Prompt caching deep-dive: how to cut Claude input costs by 90% (2026 guide)

Prompt caching is the single highest-ROI optimisation available to Claude API users in 2026 — bigger than batching, bigger than model routing, bigger than switching to a discount gateway. It's also the one most teams misunderstand: they implement it wrong, miss the cache hit, and conclude it doesn't work.

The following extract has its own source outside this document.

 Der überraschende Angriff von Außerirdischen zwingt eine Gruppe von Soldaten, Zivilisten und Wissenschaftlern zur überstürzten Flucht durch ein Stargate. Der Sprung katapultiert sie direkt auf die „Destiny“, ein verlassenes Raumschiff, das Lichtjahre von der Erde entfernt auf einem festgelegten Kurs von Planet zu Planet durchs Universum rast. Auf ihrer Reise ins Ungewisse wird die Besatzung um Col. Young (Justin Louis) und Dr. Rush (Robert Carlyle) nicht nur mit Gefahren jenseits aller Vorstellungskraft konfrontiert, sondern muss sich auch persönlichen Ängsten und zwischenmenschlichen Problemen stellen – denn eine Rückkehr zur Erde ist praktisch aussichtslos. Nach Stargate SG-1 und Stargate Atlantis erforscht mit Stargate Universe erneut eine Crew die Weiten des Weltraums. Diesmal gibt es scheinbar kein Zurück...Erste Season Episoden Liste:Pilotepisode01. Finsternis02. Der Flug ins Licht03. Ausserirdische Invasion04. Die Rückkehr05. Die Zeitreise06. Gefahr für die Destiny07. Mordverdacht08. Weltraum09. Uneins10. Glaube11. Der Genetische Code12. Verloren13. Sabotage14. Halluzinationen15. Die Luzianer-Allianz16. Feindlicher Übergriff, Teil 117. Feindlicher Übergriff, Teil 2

This is the complete 2026 guide: how the mechanism works, what to cache, what NOT to cache, the math behind a 90% effective discount, and the production patterns we see deliver 60-85% cache hit rates on real Claude Code traffic.

The 30-second TL;DR

Anthropic charges 1.25× input price to write a cache entry, 10% of input price to read it on subsequent calls within the TTL.
Default TTL is 5 minutes from last access; a 1-hour TTL beta exists at 2× input write cost.
You opt in per-block with cache_control: { type: "ephemeral" } on system, messages, or tools content.
Cached content must be at least 1024 tokens (Sonnet/Opus) or 2048 tokens (Haiku) — smaller chunks aren't cached even with the flag.
Cache hit ≠ free — you still pay 10% of input price. The win is the delta on the cacheable portion of your prompt.

How the math actually works

Take a representative Claude Code request: 25K input tokens (mostly system prompt + tool definitions + conversation history), 1.5K output. Sonnet 4.6 list pricing: $3/MTok input, $15/MTok output.

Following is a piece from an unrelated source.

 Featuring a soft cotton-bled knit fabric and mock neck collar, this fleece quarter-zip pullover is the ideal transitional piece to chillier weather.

Scenario	Input cost	Output cost	Total per request
No caching	$0.075	$0.0225	$0.0975
First call (cache write, full 25K cached)	$0.094	$0.0225	$0.116
Cached call (100% hit on 25K)	$0.0075	$0.0225	$0.030
Cached call (80% hit, 20% fresh)	$0.021	$0.0225	$0.044

For a developer running 200 Claude Code requests per day, that 80%-hit scenario means $8.80/day instead of $19.50/day — a $325/month saving on a single setting change. At 75-85% cache hit rate (typical production), total bill reduction lands at 60-80% of input cost.

Cache writes are NOT amortized across users — each individual Anthropic account warms its own cache. If you operate a multi-tenant SaaS, every customer's first request pays the 1.25× warm-up cost.

What to cache

The single rule: cache the stable prefix, skip the volatile tail.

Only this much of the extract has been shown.